→ Available data:
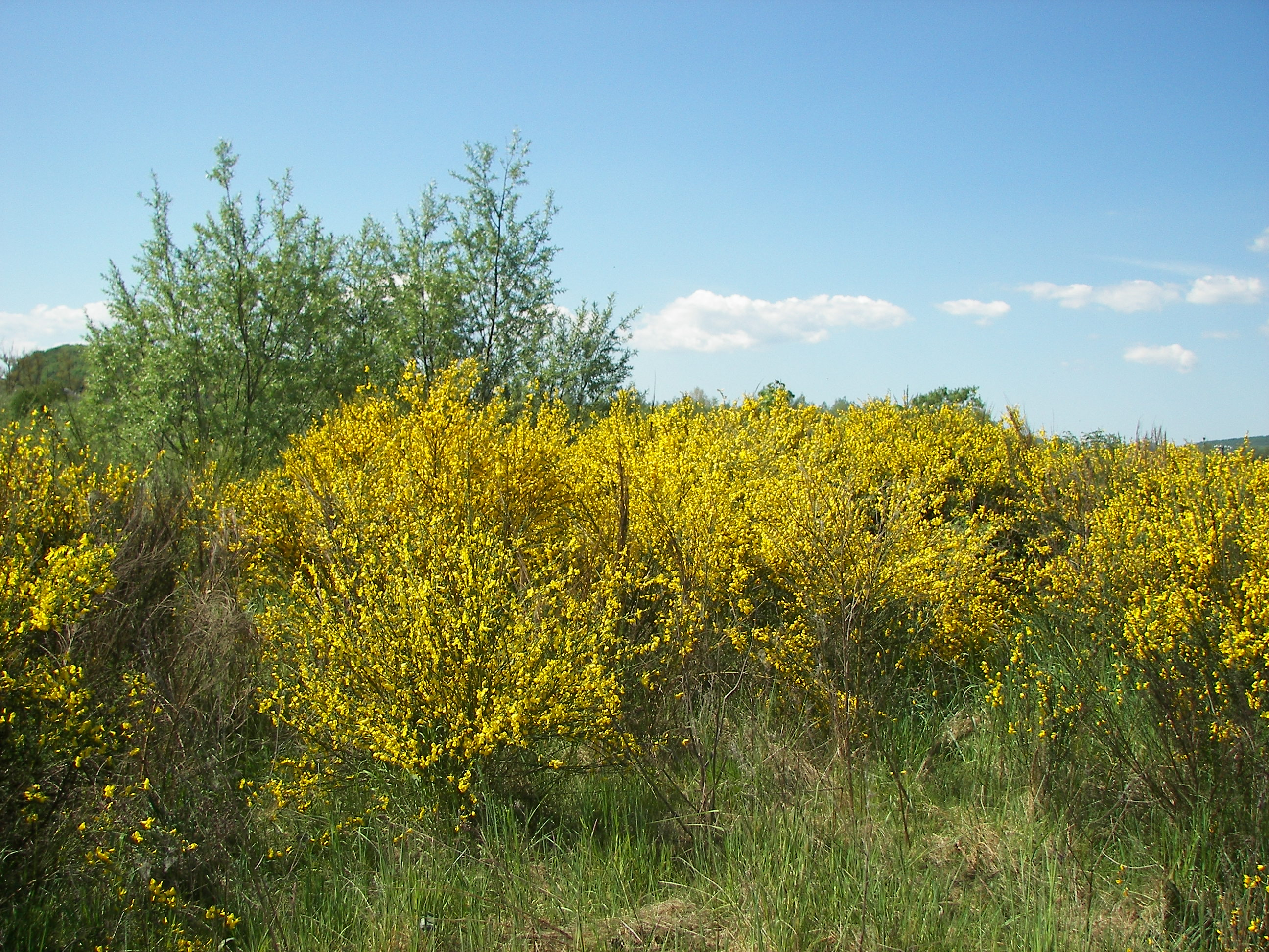 Common Broom (Cytisus scoparius), Location: Lahntal-Goßfelden, Hesse, Germany
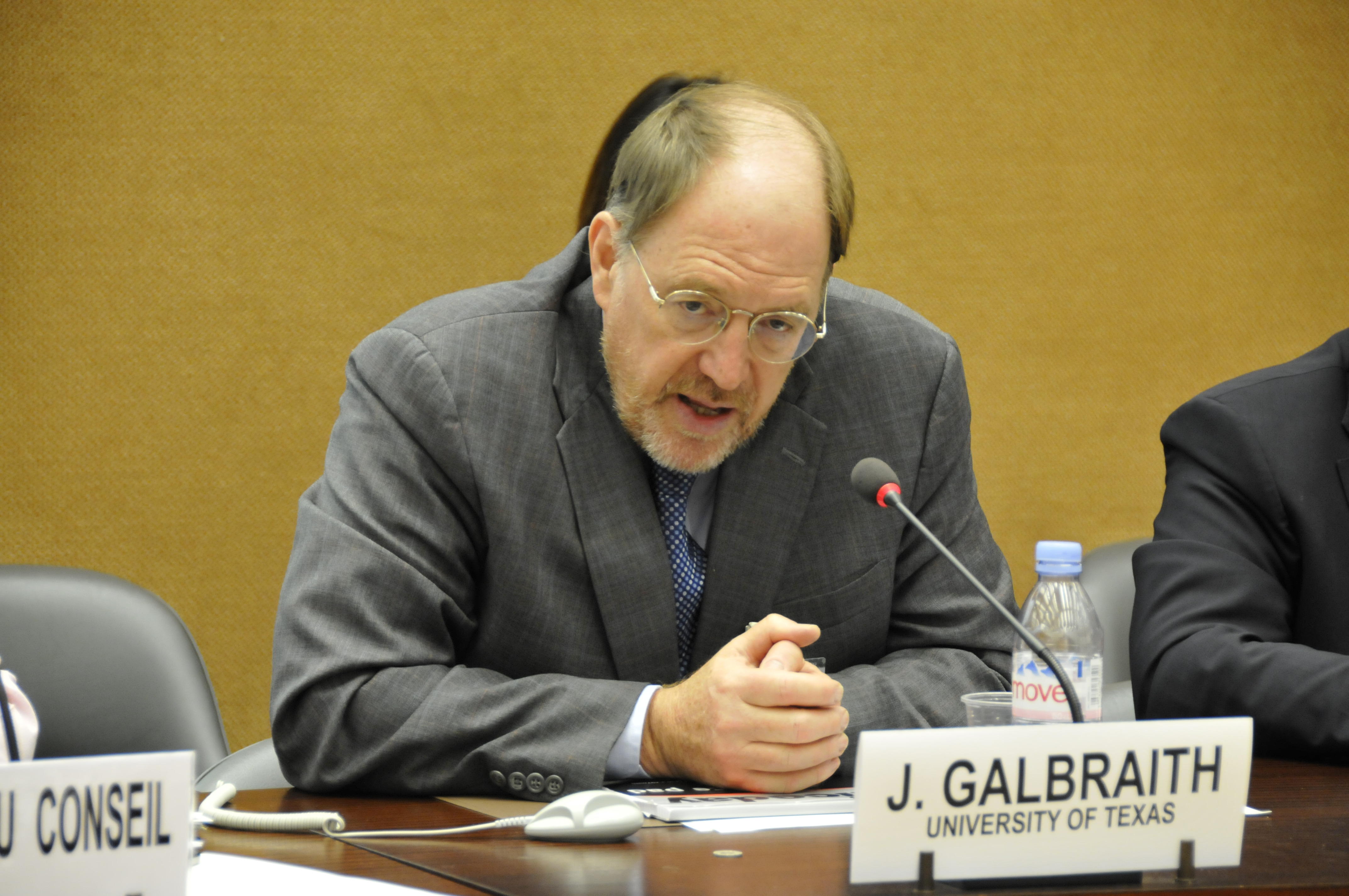 Professor James Galbraith at the "Inequality and Sustainability" UNCTAD Trade and Development Board , Geneva , 2012
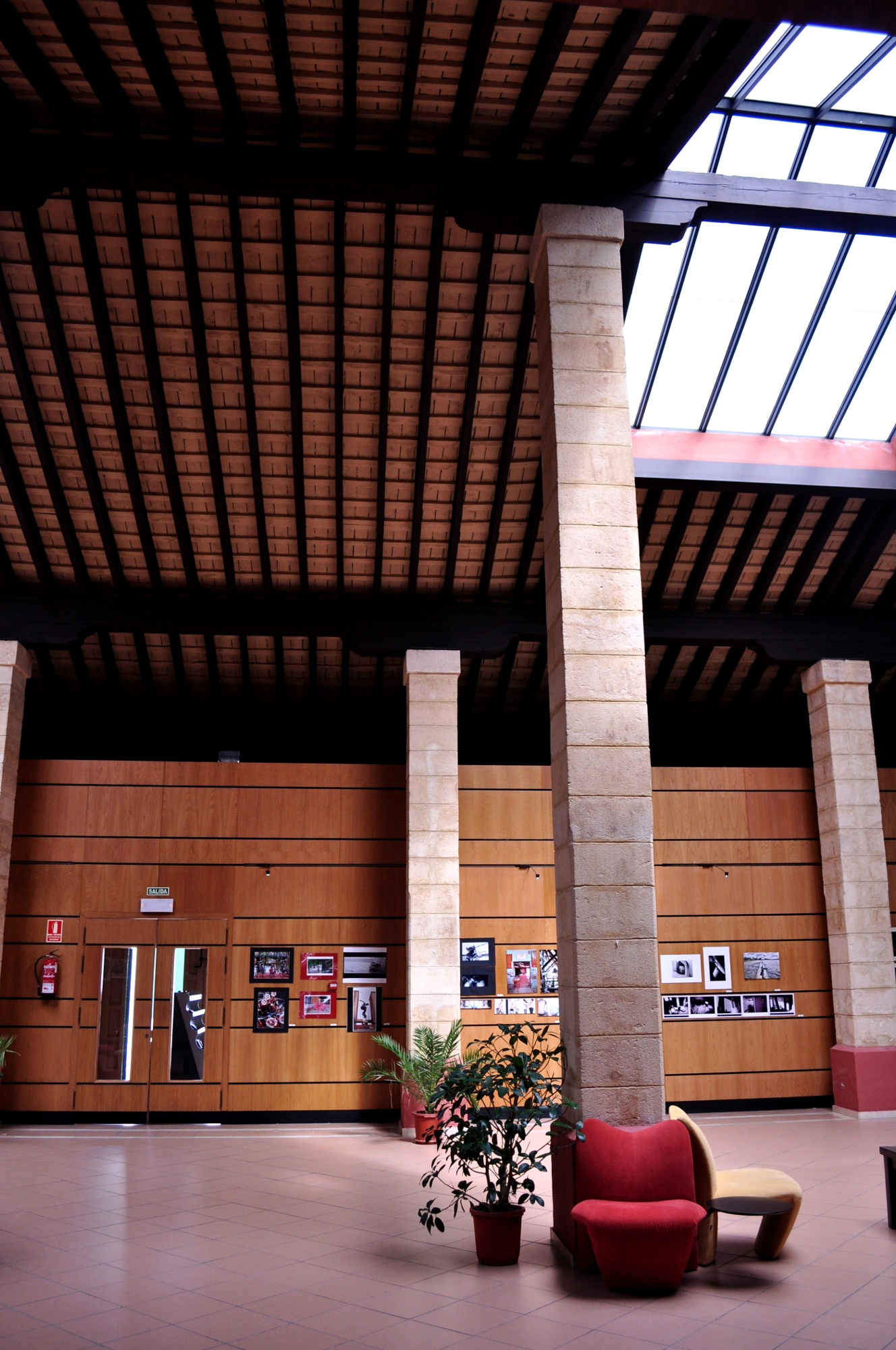 House of Youth, Jerez

→ Exercise:
Please transcribe the material above exactly as written. Leave the pictures out.

→ Written response:
 Common Broom (Cytisus scoparius), Location: Lahntal-Goßfelden, Hesse, Germany
 Professor James Galbraith at the "Inequality and Sustainability" UNCTAD Trade and Development Board , Geneva , 2012
 House of Youth, Jerez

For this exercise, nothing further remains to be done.